Acts of Service, Part 2 ~ Take Care of my Sheep

It’s Spring Break—a time when many families head off to sunny climates and fun-filled adventures.  With less than three months before I travel to Spain, I am staying put and working toward that goal.  But I have very vivid memories of my Spring Break trip last year.

It wasn’t exactly a fun-filled adventure. Yet it was an important next step on my journey to healing in my family relationships. I was away from home caring for my ailing father.  Considering what I went through with my mother, as mentioned in “Walking My Mother Home”, it felt like déjà vu.

CaregivingServing My Stepmother

My stepmother had been my father’s only caregiver the last few years and needed a break.  In recent months my father had significantly deteriorated, but they opted to keep him at home as long as possible.  Weeks shy of his 94th birthday, he spent most of his day in bed, used a walker to get around, his eyesight was waning, and his hearing was limited too.  Thankfully he was still pretty lucid though.

My father was a very proud man.  He didn’t want any help and fought desperately to keep his sanity and his dignity.  He was also mean-spirited at times, inconsiderate of others and had a strong need to be in control.  On top of that I was never very close to my father.  So one week of caregiving for him sounded like a recipe for disaster.

However, I had grown closer to my stepmother over the last few years and wanted her to get some time away.  She deserved it—not only because of his deterioration, but because I knew how hard my father was to live with in general.  This was my gift to her.  (My sister-in-law also made the decision easier for me by graciously offering her home to my son for the week.)

Helping HandsServing My Father

When my father woke up the morning after I arrived, my stepmother was already gone.  He knew I was coming, but nonetheless he acted surprised to hear that I was going to be his caregiver for the week—and he wasn’t happy about it.  That day was the worst.

My father’s anger surfaced right away and he said things I’m sure he later forgot he said.  (I guess that is one benefit of old age.)  It shook me up a bit—triggering the little girl in me and reminding me of how he used to scold and criticize me growing up.  Thankfully I was able to recognize what was going on inside of me and stood my ground with him.  He didn’t much like it.

It was in sharp contrast to caring for my mother.  She had suffered a major stroke and couldn’t talk.  I think that was part of the gift God gave me while caring for her.  With her schizophrenia, my previous visits were so emotional for me—never knowing what would come out of her mouth.  God had taken her voice and replaced it with eyes that spoke volumes in love and gratitude.

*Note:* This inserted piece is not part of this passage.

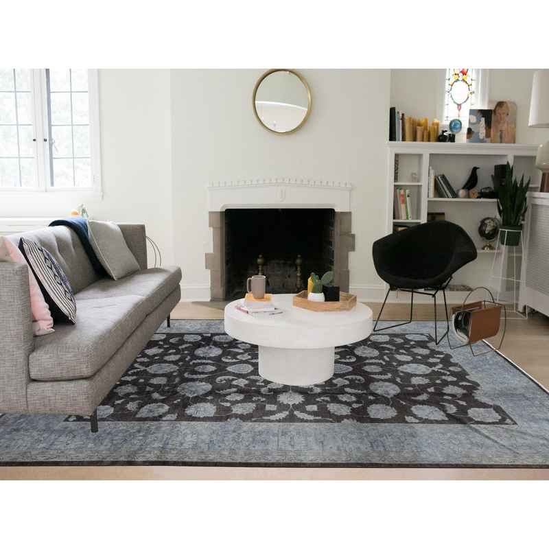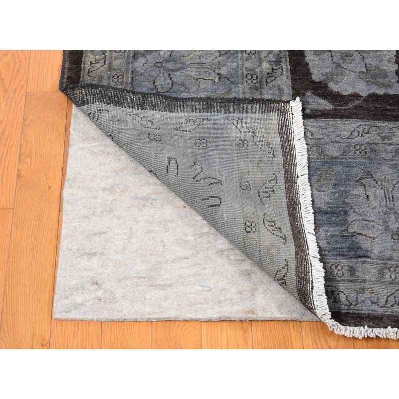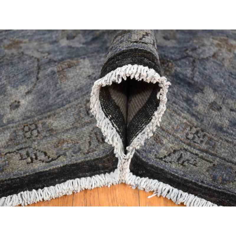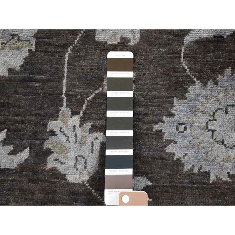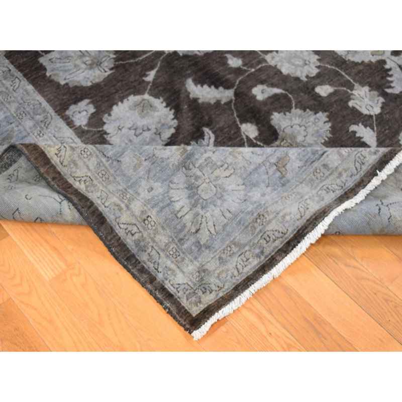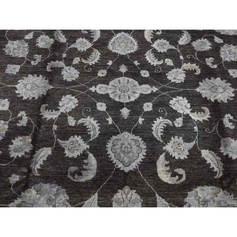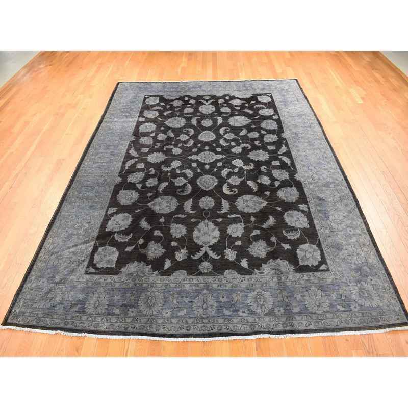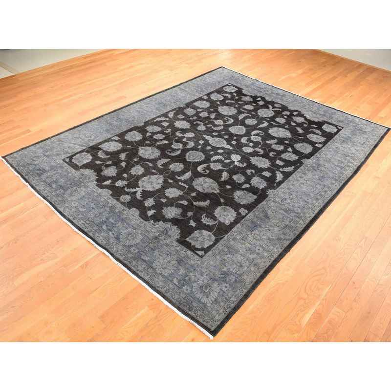 9’x12′ Black Overdyed Afghan Peshawar with All Over Design, Hand Knotted Pure Wool, Oriental Rug Sh80660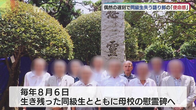 毎年8月6日は、生き残った同級生ともに母校の慰霊碑を訪れています。

After the first day of butting heads and testing the water, my father started to accept my caregiver role for the week.  I knew his time was short so I embraced his storytelling a little bit more (the same ones I’d heard numerous times before).  This time though they didn’t feel the same.  My conversations were more deliberate and felt more significant.

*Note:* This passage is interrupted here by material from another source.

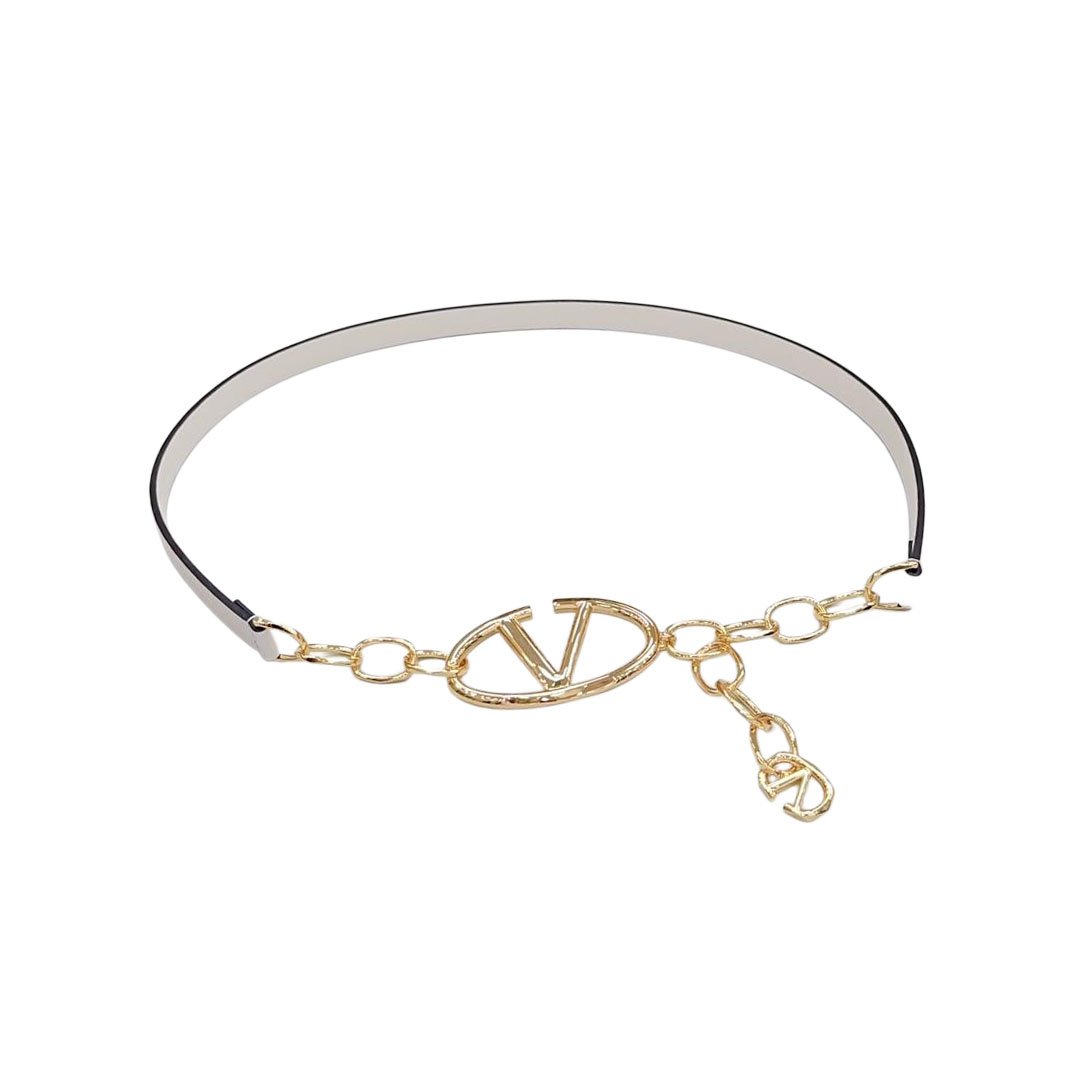 Valentino V Buckle Chain Belt In Black/White/Nude Calfskin With Gold Hardware
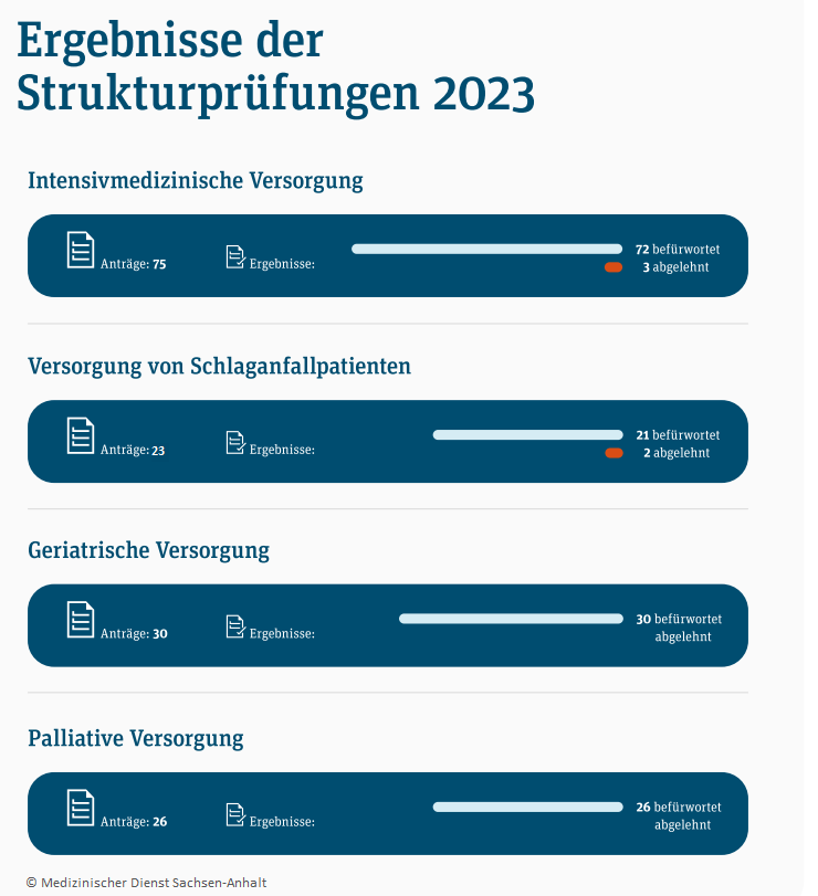 Die Voraussetzungen für komplexe Behandlungen sind in Sachsen-Anhalts Krankenhäusern grundsätzlich gut, so das Ergebnis der geprüften Vorgaben durch den Medizinischen Dienst.

My father and stepmother reunited at the end of the week.

My father and stepmother reunited at the end of the week.

A Change of Heart

Over the week, my father’s attitude towards me changed.  He expressed his gratitude for my taking care of him.  He told me how proud he was of the manuscript for “Walking My Mother Home” and his stories even helped me with the final edits for the publisher.

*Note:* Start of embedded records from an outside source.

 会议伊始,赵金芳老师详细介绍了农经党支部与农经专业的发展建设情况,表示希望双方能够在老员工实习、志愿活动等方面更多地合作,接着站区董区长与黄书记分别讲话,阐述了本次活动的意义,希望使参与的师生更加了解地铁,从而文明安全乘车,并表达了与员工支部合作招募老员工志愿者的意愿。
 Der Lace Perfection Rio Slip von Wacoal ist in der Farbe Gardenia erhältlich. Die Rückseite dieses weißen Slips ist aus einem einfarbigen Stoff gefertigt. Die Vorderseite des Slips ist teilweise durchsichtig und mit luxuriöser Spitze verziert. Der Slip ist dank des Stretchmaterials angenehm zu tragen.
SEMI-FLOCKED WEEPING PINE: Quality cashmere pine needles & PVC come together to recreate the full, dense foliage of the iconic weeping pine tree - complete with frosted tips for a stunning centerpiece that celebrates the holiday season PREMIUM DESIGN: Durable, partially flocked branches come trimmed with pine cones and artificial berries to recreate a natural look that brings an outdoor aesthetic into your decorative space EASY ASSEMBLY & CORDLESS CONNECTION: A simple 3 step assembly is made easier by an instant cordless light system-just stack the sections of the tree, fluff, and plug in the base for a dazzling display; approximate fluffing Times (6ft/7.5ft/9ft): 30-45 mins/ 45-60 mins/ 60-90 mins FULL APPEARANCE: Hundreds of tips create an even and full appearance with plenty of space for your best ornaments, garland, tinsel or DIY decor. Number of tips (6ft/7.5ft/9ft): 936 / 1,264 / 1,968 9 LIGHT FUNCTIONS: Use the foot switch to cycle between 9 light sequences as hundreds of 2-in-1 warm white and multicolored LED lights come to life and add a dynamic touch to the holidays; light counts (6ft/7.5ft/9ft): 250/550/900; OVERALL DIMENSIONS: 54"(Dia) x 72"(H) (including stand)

My father passed away three months later.  I know this time with him helped me to let go and get more closure in our relationship.  Although he never mentioned it, I think the letter I sent him about forgiveness on Father’s Day the year before (excerpts recently posted in “It’s Not Too Late to Forgive”), made a difference.  He was softening.  He was preparing to say goodbye.

The Unexpected Gift

It’s funny how I never really considered myself much of a caregiver—even with my immediate family—yet I ended up giving some respite to both of my parents at the end of their lives.  In return I received the gift of healing and restoration in our relationships.

On your road to your final destination, take time to care for others.

On your road to your final destination, take time to care for others.

Serving both of my parents in this way reminds me of the scripture where Jesus tells Peter (shortly after Jesus’ resurrection) to “take care of my sheep” (John 21:15-17).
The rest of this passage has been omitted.